- National Theatre promotional poster
- Written by: Suzie Miller
- Genre: Legal drama

Premiere
- Date: 10 July 2025
- Place: Lyttelton Theatre, National Theatre London
- Directed by: Justin Martin

= Inter Alia (play) =

2025 play by Suzie Miller

Inter Alia is a legal drama play written by Australian playwright Suzie Miller. It had its world premiere at the National Theatre in London in 2025, starring Rosamund Pike as Crown Court Judge Jessica Parks. The production is directed by Justin Martin. The production was filmed by NT Live and shown in cinemas from 25 September 2025.

== Synopsis ==
The play centres on Jessica Parks, an eminent and pioneering London Crown Court Judge. She is a compassionate and sharp legal mind, often challenging the system from within, particularly in cases of sexual violence. However, her life is a constant juggling act between her high-powered career and her roles as a wife and mother. She handles the majority of the domestic and emotional labour, from planning dinner parties to having crucial conversations with her teenage son, Harry, while her husband, Michael, a less professionally successful barrister, often remains a passive figure in her domestic world.

The central conflict of the play arises when an event from her personal life collides with her professional principles.
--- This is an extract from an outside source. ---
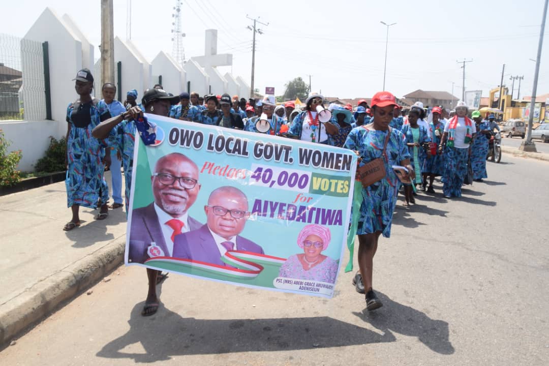 On Friday, women in their number in Owo Local Government Area stormed the streets for a massive rally for the governorship candidate of the All Progressive Congress (APC), Hon. Lucky Orimisan Aiyedatiwa.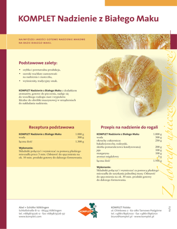 KOMPLET Nadzienie z Białego Maku NA JW YŻSZ EJ JA KOŚCI GOTOWE NADZI EN I E MAKOWE Podstawowe zalety: • szybka i powtarzalna produkcja, • szeroki wachlarz zastosowań: na nadzienia i ciasteczka, • wyśmienity, tradycyjny smak. KOMPLET Nadzienie z Białego Maku z dodatkiem aromatów, gotowe do pieczenia, nadaje się do wszelkiego rodzaju ciast i wypieków. Idealne do obróbki maszynowej w urządzeniach do nakładania nadzienia. Receptura podstawowa Przepis na nadzienie do rogali woda 1.000 g 300 g łączna ilość 1.300 g KOMPLET Nadzienie z Białego Maku dobrego upieczesz najlepsze! N A BA Z I E B I A Ł EGO MAKU. Wykonanie: Składniki połączyć i wymieszać za pomocą płaskiego mieszadła przez 3 min. Odstawić do spęcznienia na ok. 10 min. produkt gotowy do dalszego formowania. KOMPLET Nadzienie z Białego Maku woda okruchy cukiernicze bakalie(orzechy, rodzynki, skórka pomarańczowa kandyzowana) jaja margaryna aromat migdałowy łączna ilość Wykonanie: 1.000 g 300 g 250 g 200 g 100 g 100 g 5g 1.955 g Abel + Schäfer Völklingen Schloßstraße 8-12 · 66333 Völklingen tel. +6898/9726-0 · fax +6898/9726-97 www.komplet.com KOMPLET Polska ul. Chlebowa 2 · 62-080 Tarnowo Podgórne tel. +4861/8967100 · fax +4861/8967101 [email protected] · www.komplet.pl 10/12 Z Składniki połączyć i wymieszać za pomocą płaskiego mieszadła do uzyskania jednolitej masy. Odstawić do spęcznienia na ok. 30 min. produkt gotowy do dalszego formowania.

Her son, Harry, is accused of rape by a classmate after a party. Jessica, a proud feminist who has presided over countless sexual assault cases, suddenly finds her professional and moral convictions put to the ultimate test. The play delves into the ethical and emotional turmoil she faces as she must reconcile her unwavering commitment to justice with her instinct to protect her son. Miller's work explores the ambiguities of consent, the challenges of raising boys in the digital age, and the difficult moral territory a parent must navigate when their child is accused of a crime. The production uses elements like live music, shifting sets, and flashbacks to blur the lines between the courtroom and Jessica's home life, showcasing the psychological and emotional pressure she endures.

== Production history ==

=== London (2025) ===
The production received its world premiere at the Lyttelton Theatre at the National Theatre in London on 23 July 2025, following previews which began on 10 July 2025. Casting includes Rosamund Pike, Jamie Glover, and Jasper Talbot. Pike had not performed on stage for 14 years, and the run sold out before she had started rehearsals. The production closed on 13 September 2025.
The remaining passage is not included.